In the listing below, locate the line that contains "28 November 2024" and the line that contains "邢建海校友(亿诚集团董事长)". Restate word for word those two lines and every line between them, and nothing else.

- Input data:
········
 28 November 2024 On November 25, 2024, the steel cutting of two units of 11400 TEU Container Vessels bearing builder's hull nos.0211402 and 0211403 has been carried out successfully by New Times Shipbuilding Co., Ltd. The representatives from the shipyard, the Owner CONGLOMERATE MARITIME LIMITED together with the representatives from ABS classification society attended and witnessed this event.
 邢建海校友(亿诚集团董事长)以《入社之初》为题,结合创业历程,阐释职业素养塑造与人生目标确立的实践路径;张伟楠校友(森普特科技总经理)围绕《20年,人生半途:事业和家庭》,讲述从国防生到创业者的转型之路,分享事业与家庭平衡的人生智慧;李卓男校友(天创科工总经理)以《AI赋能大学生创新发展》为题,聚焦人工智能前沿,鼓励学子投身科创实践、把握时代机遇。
········
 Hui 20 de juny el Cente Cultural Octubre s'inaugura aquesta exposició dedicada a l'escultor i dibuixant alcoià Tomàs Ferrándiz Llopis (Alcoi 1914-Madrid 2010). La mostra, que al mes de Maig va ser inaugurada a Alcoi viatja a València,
········
- Reply to the task:
 28 November 2024 On November 25, 2024, the steel cutting of two units of 11400 TEU Container Vessels bearing builder's hull nos.0211402 and 0211403 has been carried out successfully by New Times Shipbuilding Co., Ltd. The representatives from the shipyard, the Owner CONGLOMERATE MARITIME LIMITED together with the representatives from ABS classification society attended and witnessed this event.
 邢建海校友(亿诚集团董事长)以《入社之初》为题,结合创业历程,阐释职业素养塑造与人生目标确立的实践路径;张伟楠校友(森普特科技总经理)围绕《20年,人生半途:事业和家庭》,讲述从国防生到创业者的转型之路,分享事业与家庭平衡的人生智慧;李卓男校友(天创科工总经理)以《AI赋能大学生创新发展》为题,聚焦人工智能前沿,鼓励学子投身科创实践、把握时代机遇。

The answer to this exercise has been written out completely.